======== Source material ========
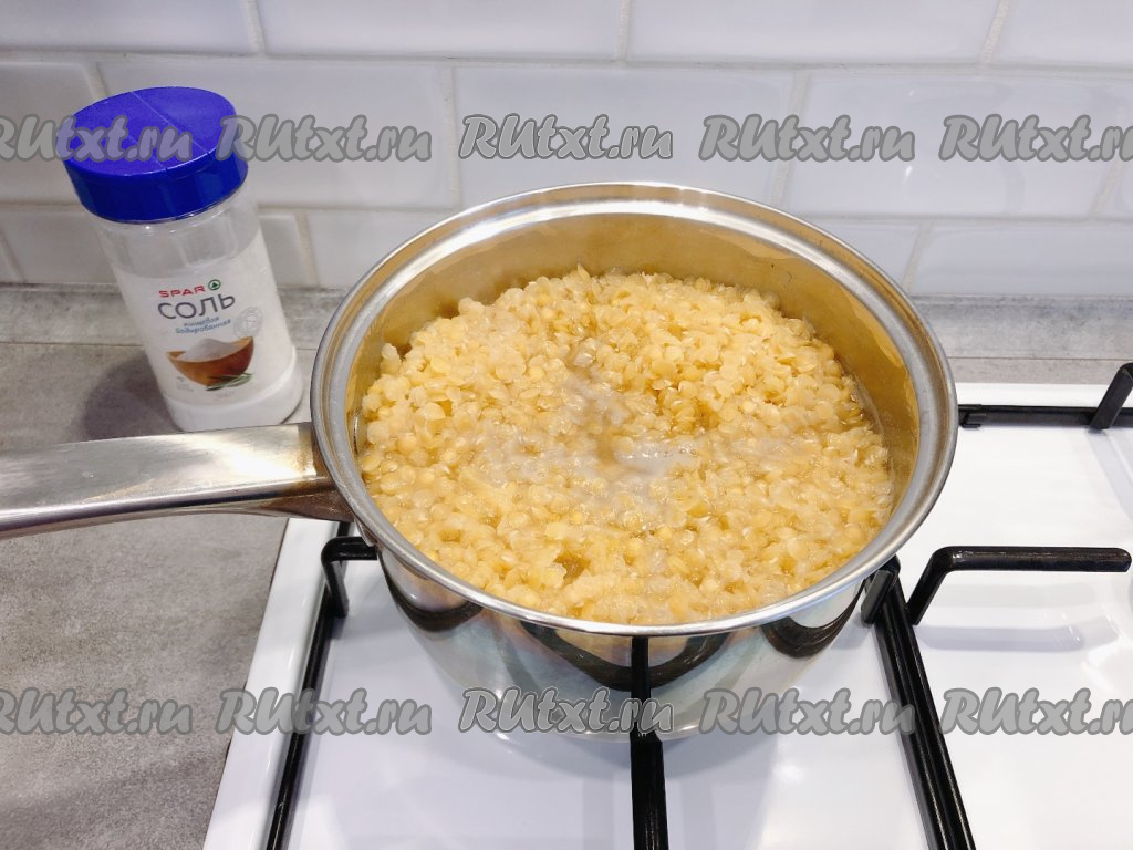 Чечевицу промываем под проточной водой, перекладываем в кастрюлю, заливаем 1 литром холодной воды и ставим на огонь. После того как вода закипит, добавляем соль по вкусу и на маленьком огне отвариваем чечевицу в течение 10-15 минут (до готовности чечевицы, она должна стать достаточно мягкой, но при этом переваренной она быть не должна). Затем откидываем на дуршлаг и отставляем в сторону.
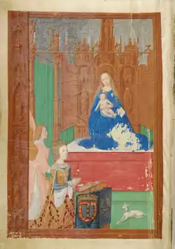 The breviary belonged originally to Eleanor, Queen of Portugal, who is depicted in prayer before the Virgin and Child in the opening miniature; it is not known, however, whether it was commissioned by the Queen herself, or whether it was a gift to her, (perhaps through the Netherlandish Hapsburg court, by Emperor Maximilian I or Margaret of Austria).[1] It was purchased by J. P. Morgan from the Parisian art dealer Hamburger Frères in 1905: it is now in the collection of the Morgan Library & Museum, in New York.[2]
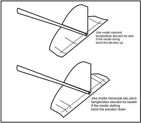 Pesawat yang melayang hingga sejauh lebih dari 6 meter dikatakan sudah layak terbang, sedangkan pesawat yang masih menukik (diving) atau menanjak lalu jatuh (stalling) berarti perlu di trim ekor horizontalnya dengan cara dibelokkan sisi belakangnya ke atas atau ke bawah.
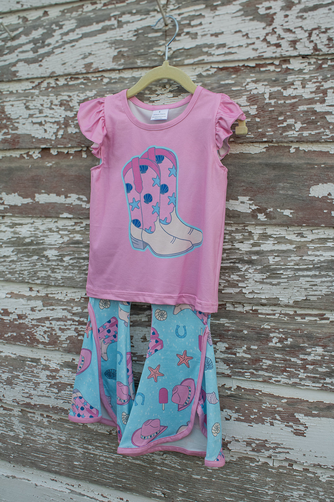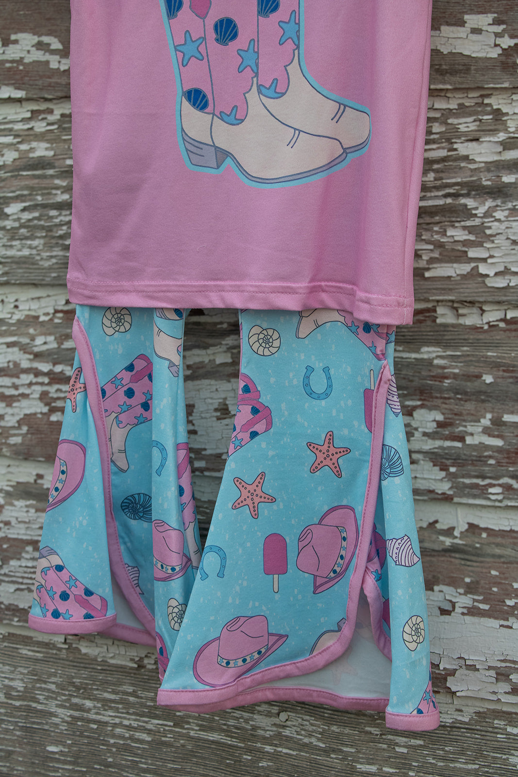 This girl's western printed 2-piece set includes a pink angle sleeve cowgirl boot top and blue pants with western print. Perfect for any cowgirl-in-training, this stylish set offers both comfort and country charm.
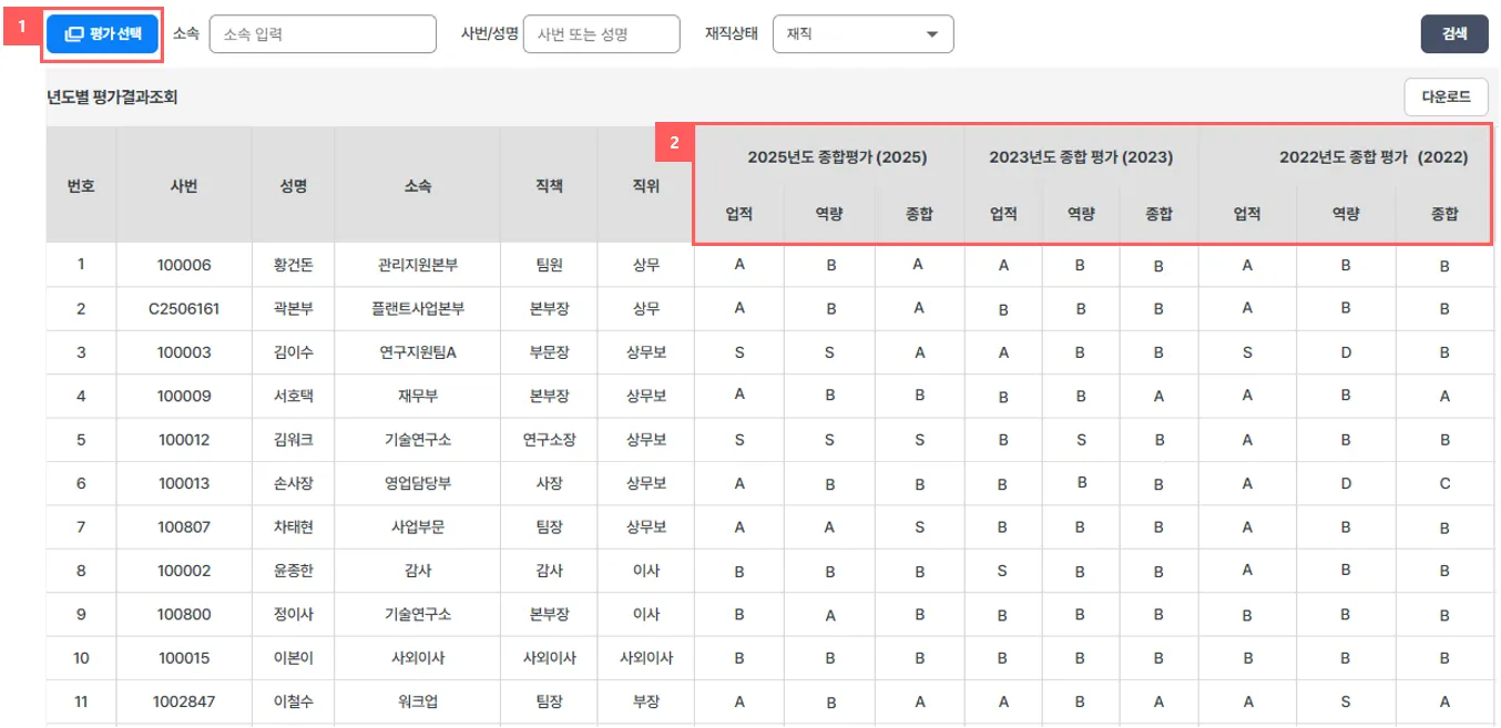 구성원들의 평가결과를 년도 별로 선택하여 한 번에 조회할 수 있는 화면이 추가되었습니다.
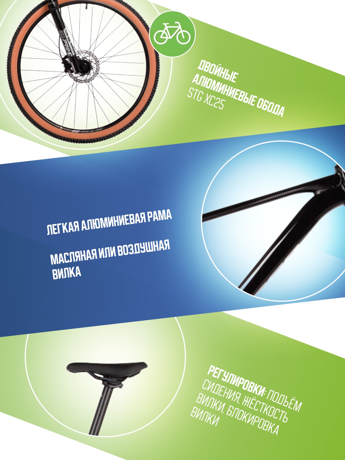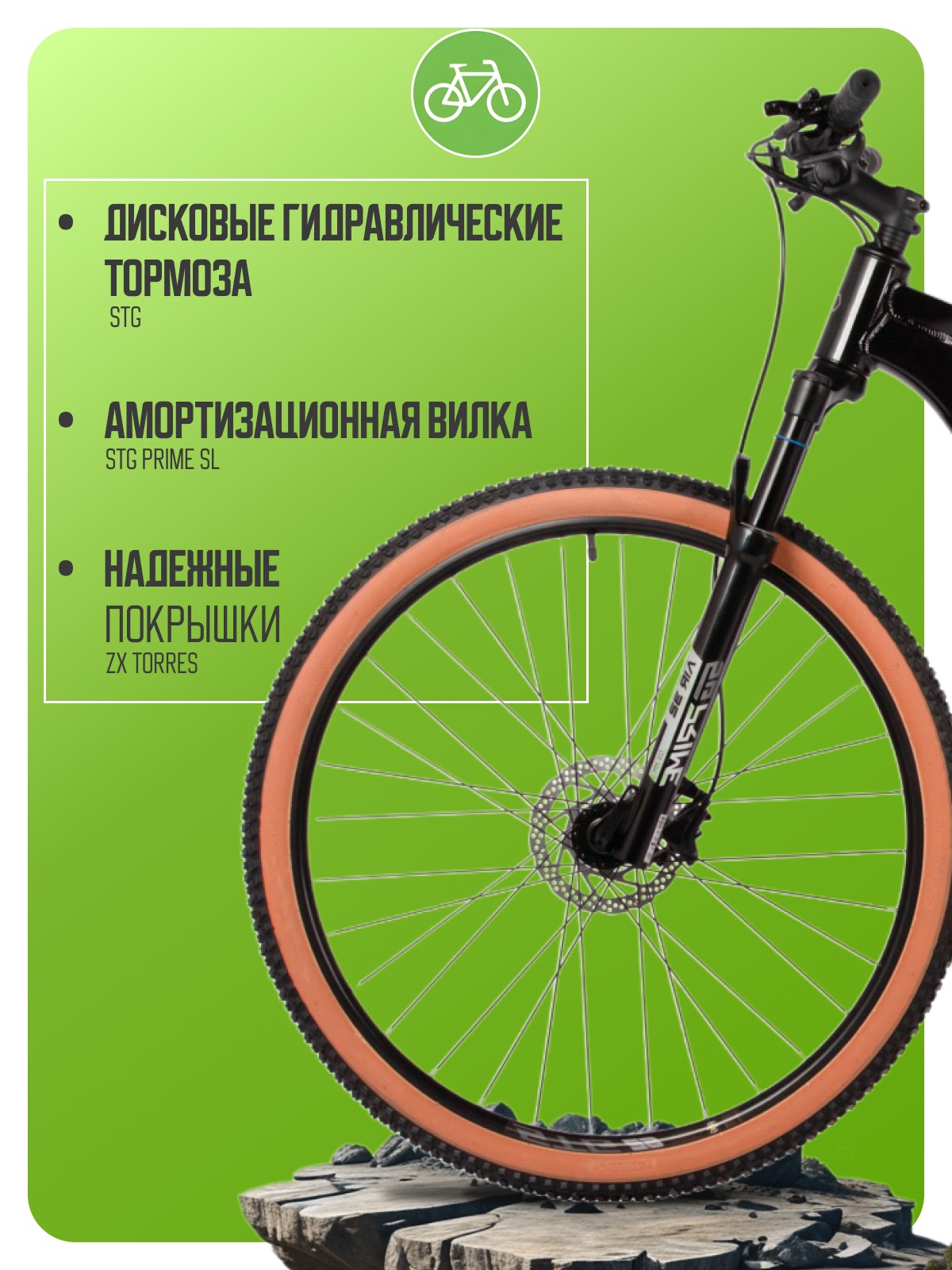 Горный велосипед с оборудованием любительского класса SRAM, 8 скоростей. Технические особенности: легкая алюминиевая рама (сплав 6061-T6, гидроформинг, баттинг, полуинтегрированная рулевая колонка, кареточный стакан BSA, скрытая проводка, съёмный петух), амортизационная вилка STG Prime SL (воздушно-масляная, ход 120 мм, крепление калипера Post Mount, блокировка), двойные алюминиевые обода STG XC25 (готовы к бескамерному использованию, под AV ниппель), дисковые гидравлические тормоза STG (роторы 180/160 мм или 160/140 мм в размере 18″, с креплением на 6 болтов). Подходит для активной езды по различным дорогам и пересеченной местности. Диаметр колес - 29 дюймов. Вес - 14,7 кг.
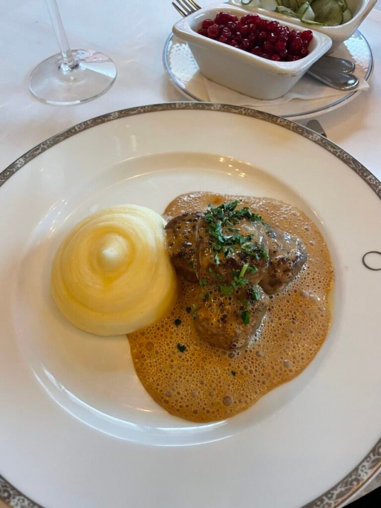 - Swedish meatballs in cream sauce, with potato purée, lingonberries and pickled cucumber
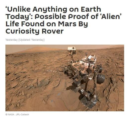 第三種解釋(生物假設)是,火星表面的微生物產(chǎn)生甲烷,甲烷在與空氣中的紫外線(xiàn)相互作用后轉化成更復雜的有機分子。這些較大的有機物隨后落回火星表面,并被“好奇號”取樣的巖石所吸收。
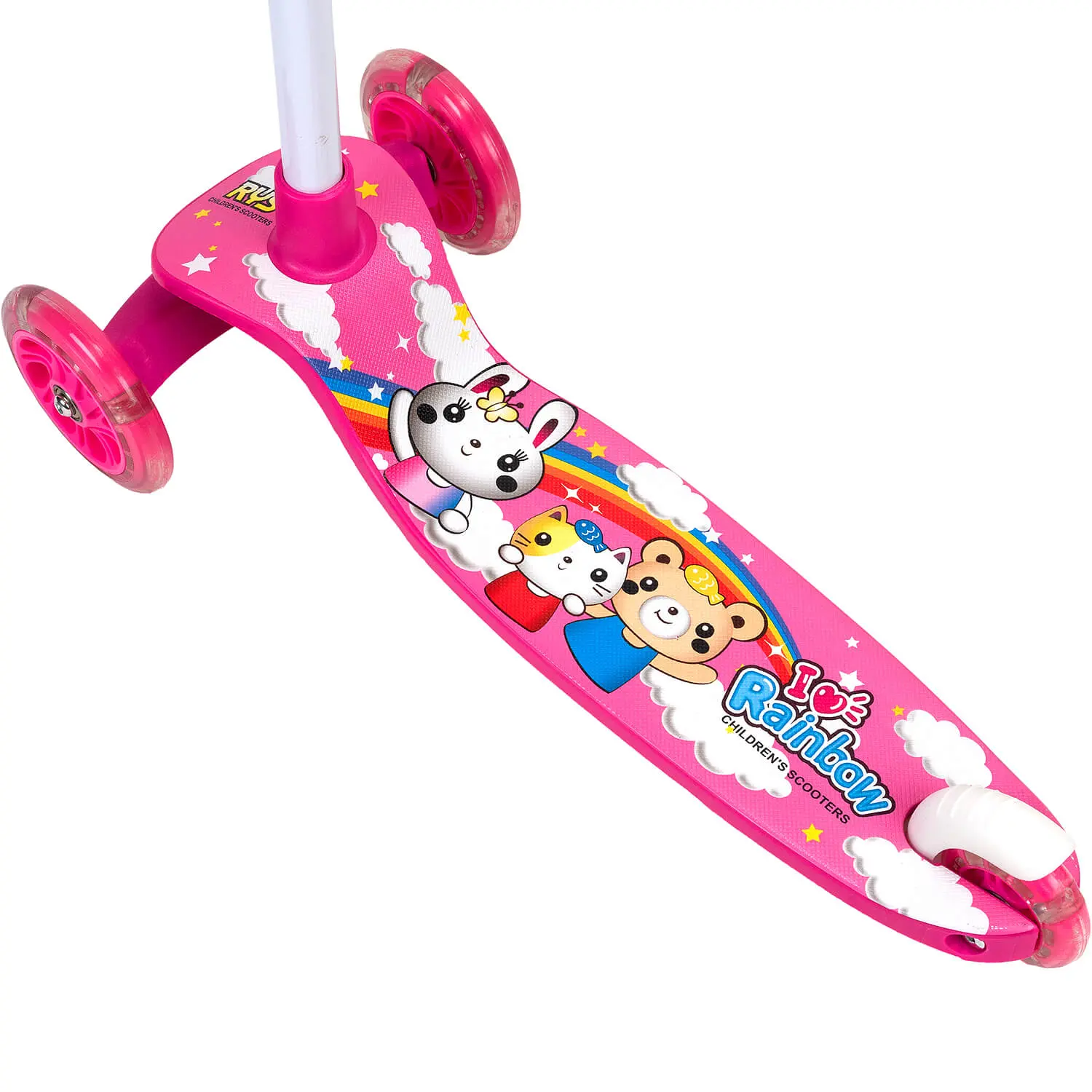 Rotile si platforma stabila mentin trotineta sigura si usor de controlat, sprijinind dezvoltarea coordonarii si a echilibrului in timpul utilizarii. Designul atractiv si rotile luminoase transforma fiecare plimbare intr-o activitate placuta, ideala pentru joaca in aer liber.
========
## Directions for this task
Exclude the images, then output the data above word for word.

## Response for this exercise
 Чечевицу промываем под проточной водой, перекладываем в кастрюлю, заливаем 1 литром холодной воды и ставим на огонь. После того как вода закипит, добавляем соль по вкусу и на маленьком огне отвариваем чечевицу в течение 10-15 минут (до готовности чечевицы, она должна стать достаточно мягкой, но при этом переваренной она быть не должна). Затем откидываем на дуршлаг и отставляем в сторону.
 The breviary belonged originally to Eleanor, Queen of Portugal, who is depicted in prayer before the Virgin and Child in the opening miniature; it is not known, however, whether it was commissioned by the Queen herself, or whether it was a gift to her, (perhaps through the Netherlandish Hapsburg court, by Emperor Maximilian I or Margaret of Austria).[1] It was purchased by J. P. Morgan from the Parisian art dealer Hamburger Frères in 1905: it is now in the collection of the Morgan Library & Museum, in New York.[2]
 Pesawat yang melayang hingga sejauh lebih dari 6 meter dikatakan sudah layak terbang, sedangkan pesawat yang masih menukik (diving) atau menanjak lalu jatuh (stalling) berarti perlu di trim ekor horizontalnya dengan cara dibelokkan sisi belakangnya ke atas atau ke bawah.
 This girl's western printed 2-piece set includes a pink angle sleeve cowgirl boot top and blue pants with western print. Perfect for any cowgirl-in-training, this stylish set offers both comfort and country charm.
 구성원들의 평가결과를 년도 별로 선택하여 한 번에 조회할 수 있는 화면이 추가되었습니다.
 Горный велосипед с оборудованием любительского класса SRAM, 8 скоростей. Технические особенности: легкая алюминиевая рама (сплав 6061-T6, гидроформинг, баттинг, полуинтегрированная рулевая колонка, кареточный стакан BSA, скрытая проводка, съёмный петух), амортизационная вилка STG Prime SL (воздушно-масляная, ход 120 мм, крепление калипера Post Mount, блокировка), двойные алюминиевые обода STG XC25 (готовы к бескамерному использованию, под AV ниппель), дисковые гидравлические тормоза STG (роторы 180/160 мм или 160/140 мм в размере 18″, с креплением на 6 болтов). Подходит для активной езды по различным дорогам и пересеченной местности. Диаметр колес - 29 дюймов. Вес - 14,7 кг.
 - Swedish meatballs in cream sauce, with potato purée, lingonberries and pickled cucumber
 第三種解釋(生物假設)是,火星表面的微生物產(chǎn)生甲烷,甲烷在與空氣中的紫外線(xiàn)相互作用后轉化成更復雜的有機分子。這些較大的有機物隨后落回火星表面,并被“好奇號”取樣的巖石所吸收。
 Rotile si platforma stabila mentin trotineta sigura si usor de controlat, sprijinind dezvoltarea coordonarii si a echilibrului in timpul utilizarii. Designul atractiv si rotile luminoase transforma fiecare plimbare intr-o activitate placuta, ideala pentru joaca in aer liber.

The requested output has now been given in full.